O baterista do Metallica, Lars Ulrich, falou recentemente a revista Revolver sobre o processo de composição do novo álbum do grupo, esperado para sair no final do ano. "É legal entrar no estúdio e não encontrar de repente três câmeras em sua cara e ter que sentar e falar por quatro horas sobre como você estava se sentindo na noite passada", disse ele, referindo-se a equipe de filmagem que documentou cada detalhe das intrigas do Metallica durante a gravação do álbum "St. Anger", de 2003. "Nós meio que passamos dessa fase. Todos estão se dando bem agora. Estes dias, é divertido ir ao estúdio - é na verdade algo que eu aguardo com ansiedade, ao invés de relutar. E eu acho que isto é um reflexo de quão longe nós chegamos".

Ulrich disse que as sessões para o novo CD, que a banda está planejando gravar em Los Angeles com o produtor Rick Rubin (System of a Down, Slayer, Audioslave, Red Hot Chili Peppers), relembrou os primeiros anos do Metallica.

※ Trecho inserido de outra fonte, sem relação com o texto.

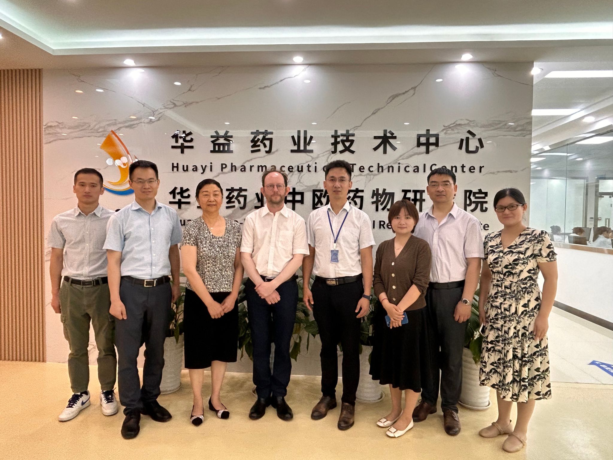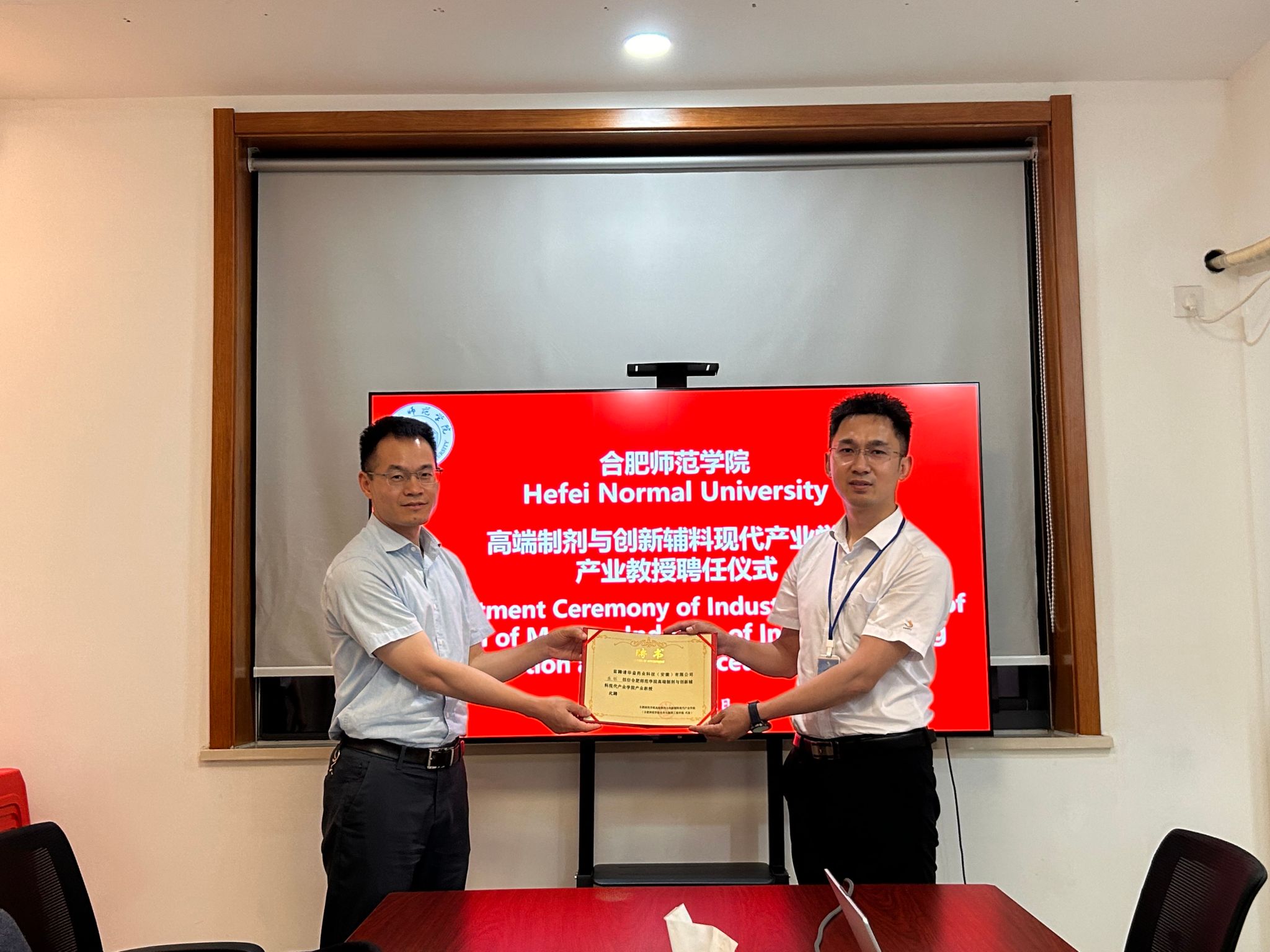 06月12日上午,WilliamHill官方网站williamhill英国官网党委书记李红、院长朱金苗、副院长董雄辎携制药工程系主任及专业教师一行,赴华益药业科技(安徽)有限公司,参加WilliamHill官方网站与华益药业科技(安徽)有限公司等联合举办的“高端制剂与创新辅料现代产业学院产业教授聘任仪式”。华益药业科技(安徽)有限公司产业教授代表操铖、产业讲师代表周红蕾等出席会议,爱尔兰香农理工大学制药科学与生物技术系代表Nicholas Mullins出席会议,我院制药工程系代表参加会议,会议由华益药业科技(安徽)有限公司产品研发总经理操铖主持,公司外交经理吴莹莹翻译。

"É James [Hetfield] e eu passando por fitas com riffs e escolhendo os melhores riffs, e então moldando músicas em cima disso", explicou. "Existem dois processos separados - um processo de composição e um processo de gravação. 'St. Anger' foi um experimento onde compomos e gravamos ao mesmo tempo. Mas isto é o que costumávamos fazer antes: sentar, escrever um monte de músicas, escolher as melhores e então ir a algum lugar grava-las". Ulrich disse que Rubin - que o baterista lembra de vê-lo no backstage em shows do Metallica no meio dos anos 80 com mixagens cruas de "Reign in Blood" do Slayer, que produziu - "não quer que nós comecemos a gravar até que cada música que faremos esteja mais próxima possível dos 100% que podemos conseguir".

A banda tem cerca de 25 músicas novas, uma grande quantidade que Ulrich credita as jams que fizeram na sala de aquecimento todas as noites antes dos shows da turnê do "St. Anger". Eles pretendem deixar a tracklist final com cerca de 12 ou 14 músicas.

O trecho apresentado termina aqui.